他低头看了一眼两人交合之处,只见自己的肉棒正被安碧如粉嫩的穴口紧紧咬住,边缘的嫩肉撑得近乎透明,像一枚刚被剥开的新鲜荔枝,晶莹剔透的果皮正紧紧裹着内里的果肉,却又随时都会汁水四散的爆裂开来。
他眼中闪过一丝残忍和快意,非但没有继续深入,反而掐紧她的腰肢,猛地向后一撤——伴随啵的一声,还沾着星星点点红痕的肉棒便齐根退了出来,只留一个硕大龟头卡在湿漉漉的穴口,仿佛一头正在蓄力的猛兽正含住猎物,只待最后一击。
“让那个废物看好了——这他妈的,才叫肏屄!”
赵康宁咬紧牙关,额上青筋暴起,一股积攒了两年的怨毒与渴望在血管里奔涌,腰胯裹挟着全身的重量,以千钧之势猛地向前狠狠一送!
“噗——!!!”
肉棒再次狠狠撑开肥嫩的阴唇,紧绷到极限的处女膜终于被硕大的龟头蛮横地顶破,长驱直入,一插到底!
那层守了二十余年,被内力和岁月一同淬炼得格外坚韧的屏障,在这一刻彻底碎裂,化作点点血珠,从紧致的穴口流溢而出。
安碧如只觉得下身传来一阵尖锐而充实的撕裂感,滚烫的茎身将她体内的每一道皱褶都要撑开碾平,花心深处传来一阵酸胀而满足的战栗,她猛地仰起头,颈项向后弯成一道优美的弧线,红唇发出一声压抑不住的浪叫:
“嗯吼哦哦哦哦哦——??!!!”
一插到底之后,赵康宁反倒是不慌不忙地停驻了片刻,闭上眼睛仔细感受起来。
眼前女人明明才刚破瓜,湿热的穴壁却已经食髓知味般的一层一层裹吸上来,严丝合缝地箍着整根茎身。
更妙的是她体内那股天生的吸附力,层层叠叠的嫩肉一收一缩地吮吸着他,如同无数张小嘴正同时含着他的茎身舔舐吮吸个不停,直绞得他头皮发麻。
这圣母的滋味,真是过瘾啊!
他缓缓睁眼,低头看去,只见紫黑色的肉棒根部,正有一缕殷红的血丝顺着茎身滑落,一路蜿蜒而下,滴在锦被上彻底融了进去,绽开成一小朵艳红的梅花。
他满意的长舒了口气,左手攥住安碧如散落的长发,还不忘在手心里缠绕了两圈,将她的头猛地向后拉起。
本就紧致的穴肉因为这一下拉扯,又绞紧了几分,直勒得赵康宁倒吸一口凉气。
“真紧啊……”他忍不住发出一声由衷的赞叹,掐着安碧如腰肉的手收紧了几分,指甲狠狠陷入腰间柔软的软肉里,下半身也开始耸动起来,起初还带着些试探,像是在感受处女紧致的余韵。

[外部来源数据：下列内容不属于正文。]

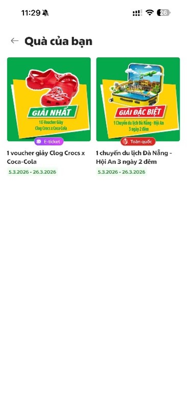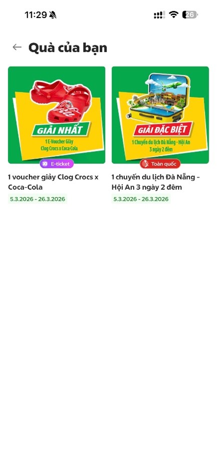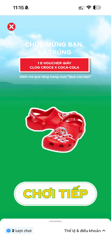 – Khách hàng trúng thưởng giải E-Voucher Giày Clog Crocs x Coca-Cola khi màn hình trả ra kết quả thông báo trúng thưởng như sau:
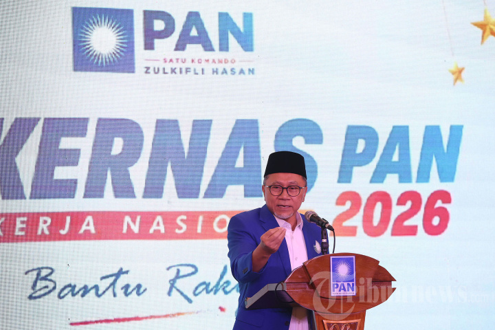 RAKERNAS PAN 2026 - Ketua Umum PAN, Zulkifli Hasan atau lebih akrab dipanggil Zulhas memberikan kata sambutan pada rapat kerja nasional (Rakernas) Partai Amanat Nasional (PAN) di kantor DPP PAN, Jakarta, Selasa (31/3/2026). Dalam Rakernas Zulhas menegaskan PAN akan mendukung penuh seluruh program strategis pemerintahan Prabowo, termasuk swasembada dan hilirisasi. Tribunnews/Jeprima

但很快,抽动便如同点燃了引线的火药,一发不可收拾,撞击声像是点燃的炮仗般,啪啪啪啪响个不停。
“你这骚屄……就得这样操才过瘾……”
腰胯每往前送一下,安碧如的身体便跟着向前一倾,胸前本就丰硕饱满的巨乳在这种俯身的姿势下,如同两只脱缰的白兔,随着撞击的节奏活泼的前后抛跳不止,时而向前甩出几乎要撞到她的下巴,时而又重重荡回,白花花的乳肉相互碰撞,啪啪声与跨间的撞击声相辅相成、相得益彰,嫣红的乳尖更是在空中划出一道道粉亮的残影。
“嗯……??啊……大鸡巴??好胀……??好充实……??”
安碧如口中溢出一声声压抑不住的呻吟,与一旁林晚荣含糊不清的声音交织在一起,在龙凤红烛摇曳的婚房中回荡起来,形成一曲荒诞而淫靡的二重奏。
赵康宁的目光不由自主被巨乳抛飞的动静所吸引,本是掐住她腰部的大手从她腋下穿过,一把抓住其中一只乳球,只感觉手中的触感又软又坠,入手沉甸甸的,像是握着一团刚从蒸笼里取出的发面团,滚烫暄软,似乎再稍一用力,就会从指间炸开一团白花花的凝脂。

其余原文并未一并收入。